• **Directions for this task**:
Write out, word for word and with no pictures, each line below from the one containing "Sýta farba Wood" through the one containing "Guangzhou Restaurant Likoufu", both included, and no other line.

Stored records:

▶

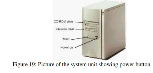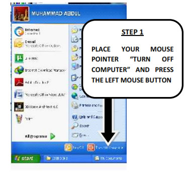 UNIT FOUR: LOGGING ONTO THE COMPUTER3.4. BOOTING- COLD BOOTING AND WARM BOOTING3.4.1. LOGGING ONLogging on means to switch the computer on. You can log on by pressing the power button on the monitor and the system unit. There are two types of booting namely, 3.4.1 a. Cool booting Booting is the transition period between the time the computer is switched on and when it starts normal operations. During this period, the computer system is being checked for consistency and correctness. Once this checking is over, the computer is now ready for operation. This type of booting is referred to as cool booting. 3.4.1. b. Warm booting While warm booting is the transition between restarting your computer system and when the system is ready for operation. 3.4.2. LOGGING OFF-SHUTTING DOWN Shutting down means to exit all programs and close the computer. This can be employed by the following processes: Step 1 Place the mouse pointer on the start menu button. A start menu as in the picture below will appear. Scroll to “Turn off computer” command at the base of the start menu, and then left click. A pop-up menu bearing options- “stand-by”, “turn off” and “restart” will appear on your desk top. |
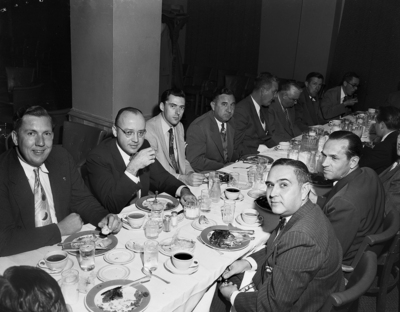 Golden Gloves officials are shown seated at a long dining table. They are (clockwise); Paul Irwin, J. L. Norton, George Graves, Arch Wayman, Richard Craig, T. L. Yates, Bill Quinn, Bob Vollmer, John Waller, John Waller, and Woodie Taylor. Published in Fort Worth Star-Telegram evening edition January 28, 1952.
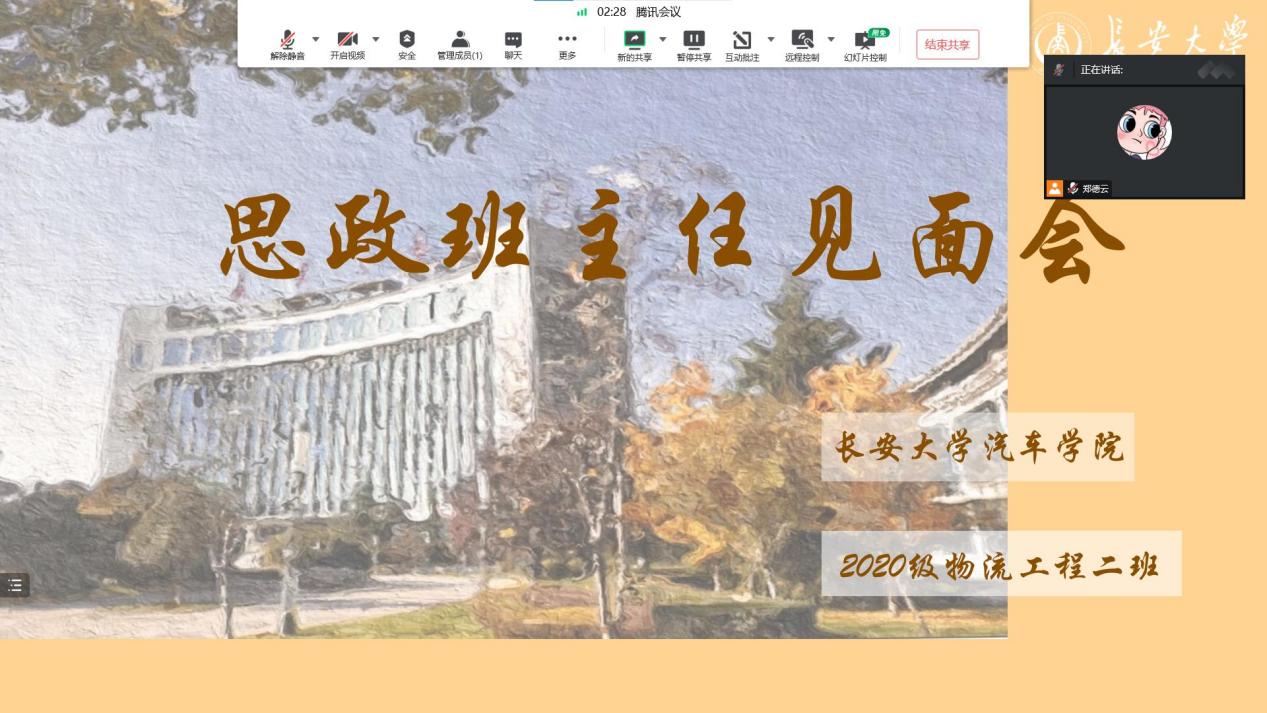 物流工程专业一班、二班通过线上形式举行思政班主任见面会。物流工程专业思政班主任马敏老师、20级辅导员杨磊老师及全体物流工程专业学生参加会议。
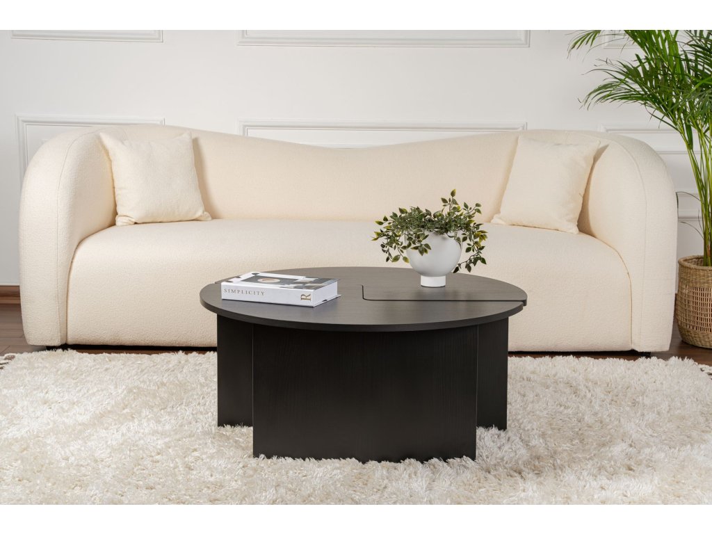 Sýta farba Wood Black tohto konferenčného stolíka okamžite pozdvihne estetiku vášho domova a dodá vašej obývačke alebo salóniku sofistikovaný nádych. Jeho elegantný dizajn a čisté línie z neho robia všestranný kus nábytku, ktorý doplní akýkoľvek štýl interiéru, od moderného po tradičné.
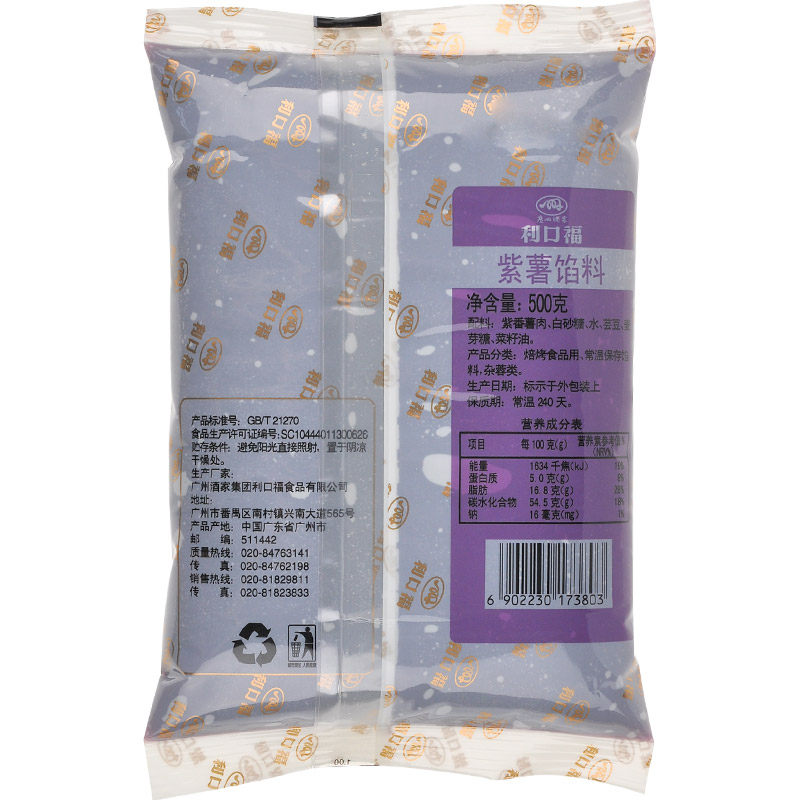 Guangzhou Restaurant Likoufu stuffing purple potato stuffing 500g moon cake stuffing mud baking raw material moon cake pastry stuffing home
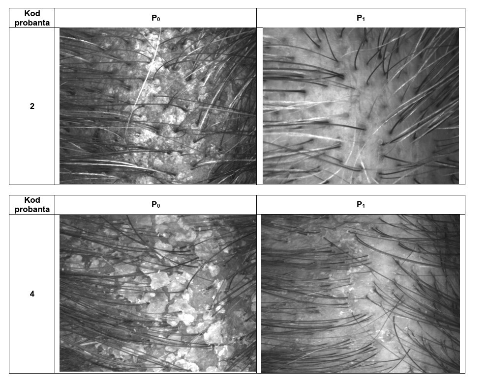 *Powyżej przedstawione zostały zdjęcia wykonane kamerą obrazujące stan skóry głowy i włosów. Na zdjęciach wykonanych po 2 tygodniach regularnego stosowania produktu widać widoczne zmniejszenie łupieżu.
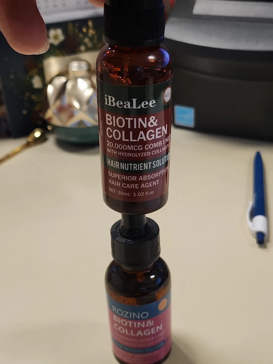 Selling a set of 2 bottles of iBeaLee Biotin & Collagen hair nutrient solution. It contains 20,000mcg combined with hydrolyzed collagen for superior absorption. The bottle contains 30ml/1.02 fl.oz of product.
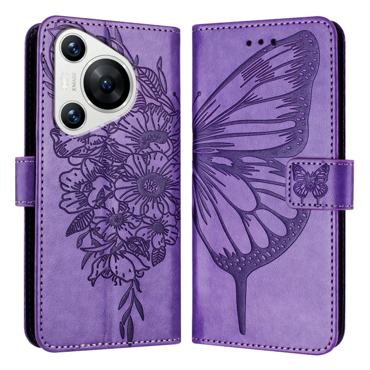 Funda de Cuero para Huawei Pura 70 con Mariposa en Relieve (Púrpura)
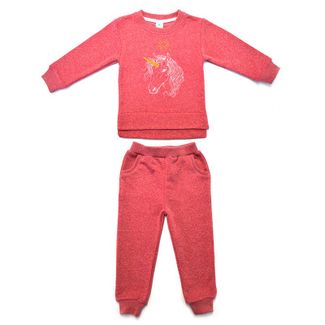 Спортивный костюм для маленькой принцессы (от 18 месяцев до четырех лет). Цвета невызревшей малины, со сказочным единорогом, который вышит на кофточке. У нее прямой крой, чуть удлиненная спинка. Штанишки с резинками на поясе и по низу, с карманами. Для пошива комплекта выбран уютный петельчатый футер (100% хлопок), нежный, теплый и долговечный. None
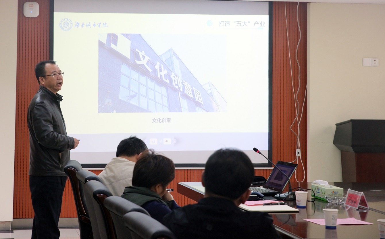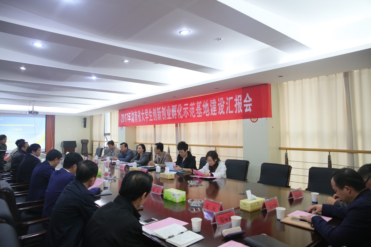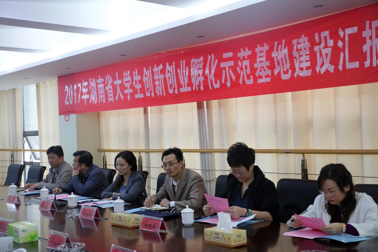 (本网讯)10月23日上午,受省教育厅委托,以湖南人文科技学院副院长石潇纯为组长的2017年湖南省高校大学生创新创业孵化示范基地评审组专家一行六人来校,对我校大学生创新创业孵化示范基地建设情况进行评审。校领导罗成翼、李建奇、郑卫民、何振、谭献良出席会议,党政办、宣传部、人事处、教务处、科技处、学生处、团委等部门负责人,以及建规院、信电院、艺术学院、设计院、应创学院院长参加了汇报会和意见反馈会议。
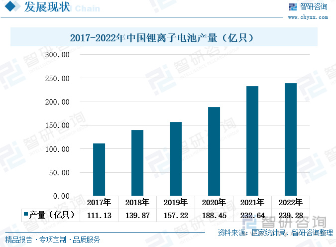 锂电池是锂最主要的下游应用领域,尤其近些年来,我国对于新能源产业出台了一系列的鼓励和扶持政策,推动我国新能源产业的快速发展,新能源汽车、储能设备等产业火热发展,这些产业对锂的需求量快速增长。锂电池是电池中的一种,由锂金属或锂合金作为其正极或负极材料。锂电池大致可分为锂金属电池和锂离子电池两类。其中锂金属电池一般是使用二氧化锰为正极材料、金属锂或其合金金属为负极材料。锂离子电池则一般是使用锂合金为正极材料,目前我国市场上主要以锂离子电池为主。2017年至2022年,我国锂离子电池的产量持续增多,2022年增长至239.28亿只,较上一年度增长了2.85%。
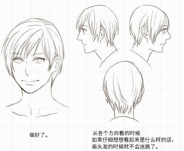 后面的头发也画了。虽说有分寸并不一定必须从划分开始划线,因为这里有区分,所以我觉得差不多能明白就好了。
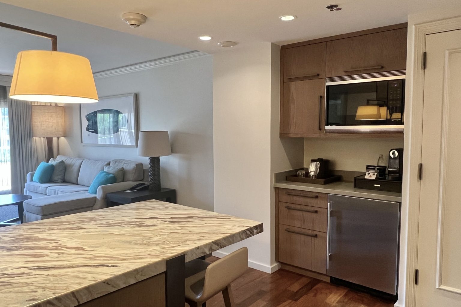 On the other side of the suite is a minibar with a Nespresso machine, small fridge, and microwave.
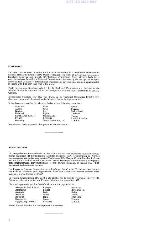 ISO 2532:1974 is a standard published by the International Organization for Standardization (ISO). Its full title is "Steel wire ropes — Vocabulary". This standard covers: Definitions are given for certain of the terms concerning steel wire ropes. The classification system used is shown by the contents list, and an alphabetical index is provided for detailed reference.
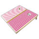 Pink and White Vertical Stripes and Rectangles Cornhole Set
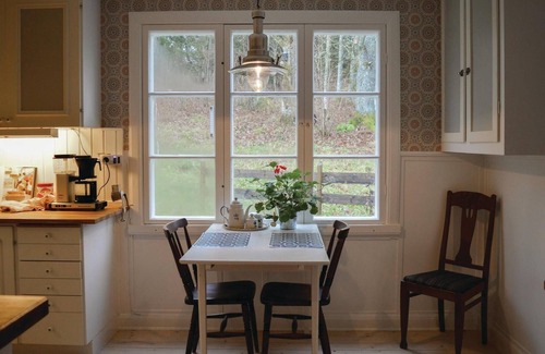 Homey and very tastefully renovated cottage with beautiful wallpaper and flooring. When you enter, you are immediately welcomed by a cozy atmosphere. Immediately you will see the wonderfully furnished kitchen with plenty of space for cooking. The old stove is also nice to look at, although you can not cook on it. From the second living room you come to the basement with sauna and bathtub. The living room on the upper floor with a fireplace and the adjoining bedroom offer a beautiful view of the countryside. The contemporary furnished house is also surrounded by beautiful nature, close to fishing lakes and the 15th century Torpa Stenhus Castle. 30 km distance to Komosse Nature Reserve, with rich fauna and flora and beautiful trails. Ulicehamns Skigibiet or Isaberg are beautiful winter sports areas. In Gällsted you will find outlets and restaurants.
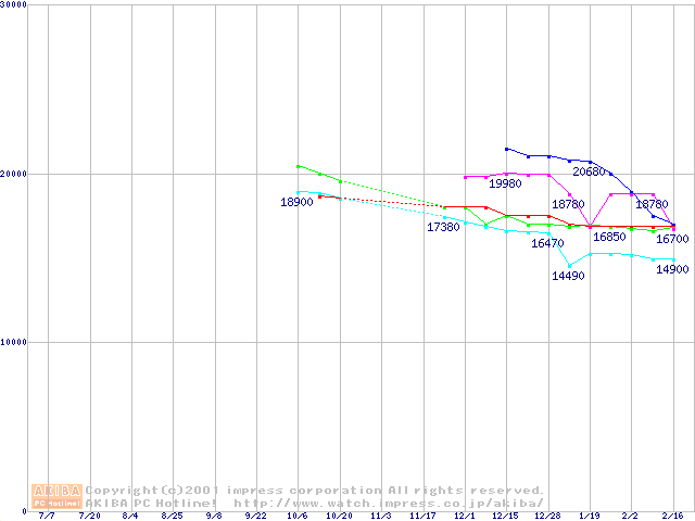 | [↑前グラフ]: | 2.5インチHDD 20GB~30GB未満(9.5mm厚)の最安値推移 |
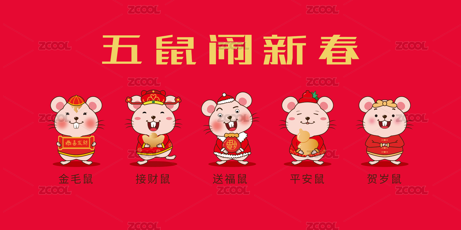 不同动作表情的五只小老鼠闹新春

◀

• **Completed exercise**:
 Sýta farba Wood Black tohto konferenčného stolíka okamžite pozdvihne estetiku vášho domova a dodá vašej obývačke alebo salóniku sofistikovaný nádych. Jeho elegantný dizajn a čisté línie z neho robia všestranný kus nábytku, ktorý doplní akýkoľvek štýl interiéru, od moderného po tradičné.
 Guangzhou Restaurant Likoufu stuffing purple potato stuffing 500g moon cake stuffing mud baking raw material moon cake pastry stuffing home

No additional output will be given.